Although officials at the authority did not predict how the new directive would affect tolls, a 3.85 percent increase applied to tolls would mean that drivers who use E-ZPass could expect the one-way toll at most crossings controlled by the authority to increase to $4.15, from $4. Drivers without E-ZPass, who currently pay $4.50 at most crossings, would probably see a higher percentage increase.
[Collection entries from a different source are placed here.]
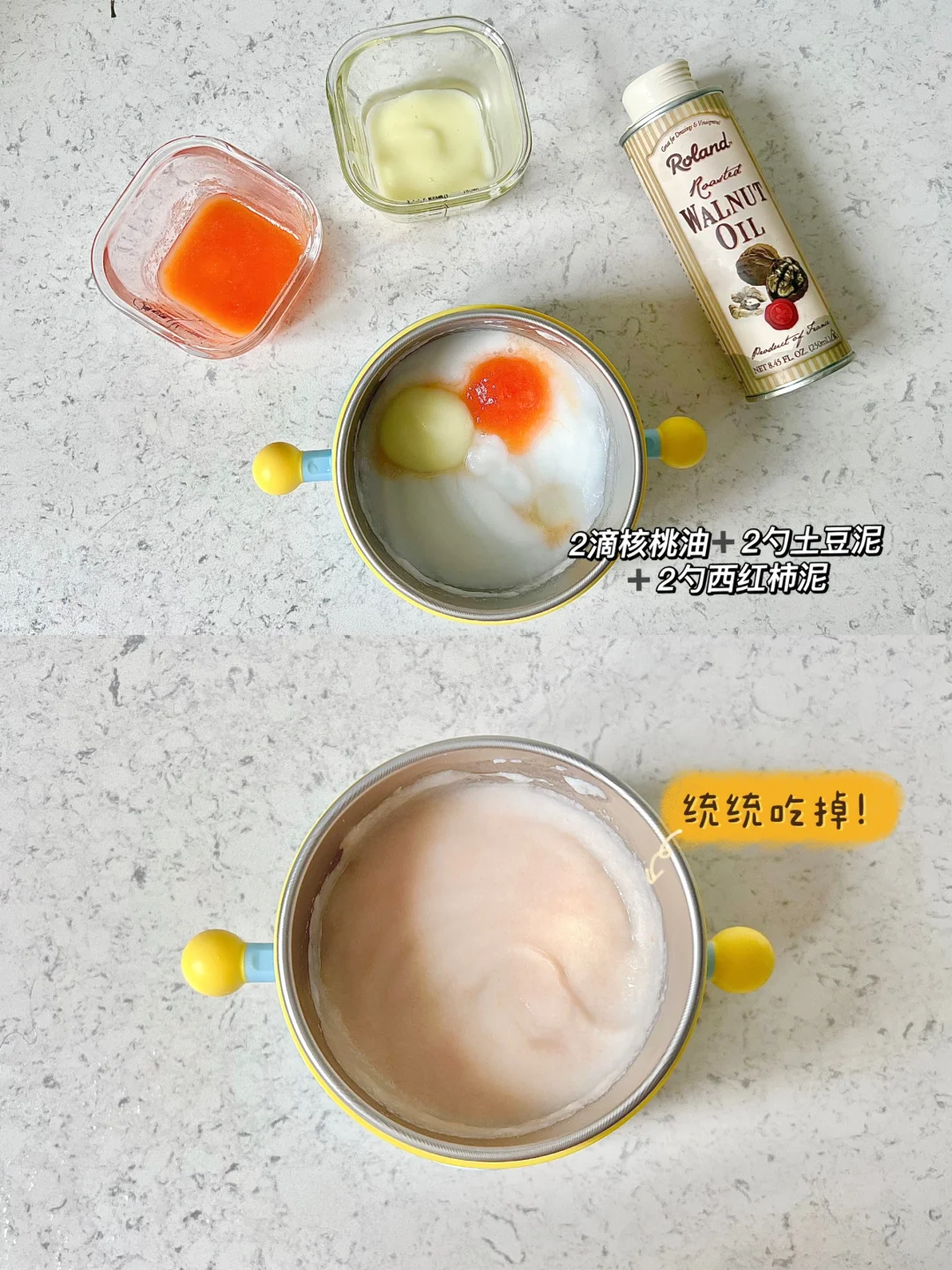 👧:6个月➕21天 🥣:高铁米粉➕核桃油➕西红柿泥➕土豆泥 ⏰:上午11:30 📝:7.5米粉➕70ml水,2滴核桃油➕2勺西红柿泥➕2勺土豆泥 🍽️:下午加餐橙子🍊 昨天加餐西红柿,没有不良反应,今天加了之前排过敏的土豆泥一起吃,今天一整碗吃光光,下午加餐橙子🍊,放进咬咬乐吃,可以锻炼一下柒柒的咀嚼功能。
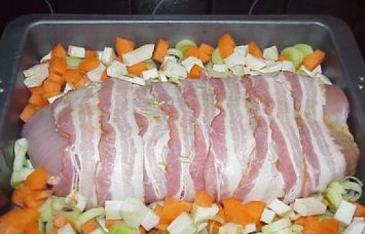 Zutaten für Personen Rezept mit Bild: Putenbraten mit Pfeffersoße Bild einstellen 1 kg Putenbrust Sojasoße dunkel 125 gr Frühstücksspeck 1 Bund Suppengrün frisch 1 EL grüner Pfeffer 250 ml Sahne 2 [...]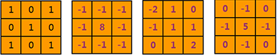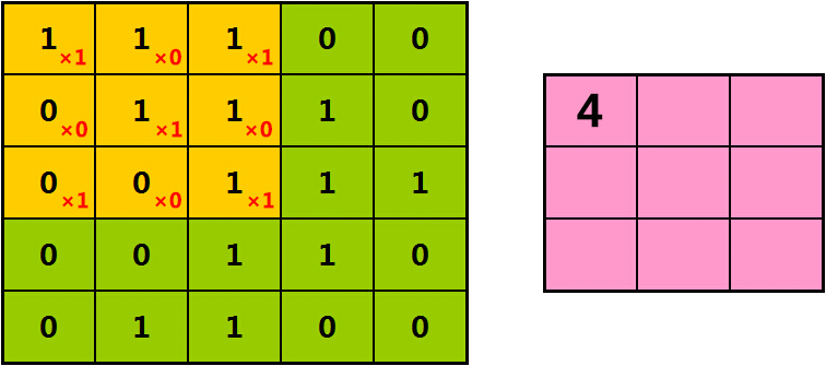 我们用橘色过滤器中的每一个值,与绿色矩形框中的对应值相乘、再相加

About three-quarters of drivers who use the authority’s crossings, which include the Midtown Tunnel and the Triborough Bridge, use E-ZPass.

 

The authority’s original proposal, made in July, called for a 6.5 percent overall increase in fares and tolls. The authority said then that it expected to run a sizable budget surplus this year but it needed the increase to overcome large deficits projected for 2009.

 

But last week, Gov. Spitzer said that new forecasts showed that improved revenues and lower expenses would result in an additional surplus of $220 million. He said that fares and tolls would still need to go up, but that they would not have to rise as steeply. In addition, he said the base subway and bus fare would remain unchanged.

 

Unlimited ride MetroCards account for close to half of all subway and bus trips. About 36 percent of trips are made on pay-per-ride MetroCards that carry a 20 percent bonus, giving riders six rides for the price of five. Mr. Dellaverson said that officials were considering changes to the bonus as part of the new fare package.

 

Gene Russianoff, the staff lawyer for the Straphangers Campaign, a rider advocacy group, said that reducing the bonus discount would hurt lower-income riders. He said that for many poor riders, the $10 pay-per-ride MetroCard, which delivers six rides for the price of five, is the most economical way to receive a transit discount.

 

“Many of those people are really struggling to cobble together the 10 bucks,” he said.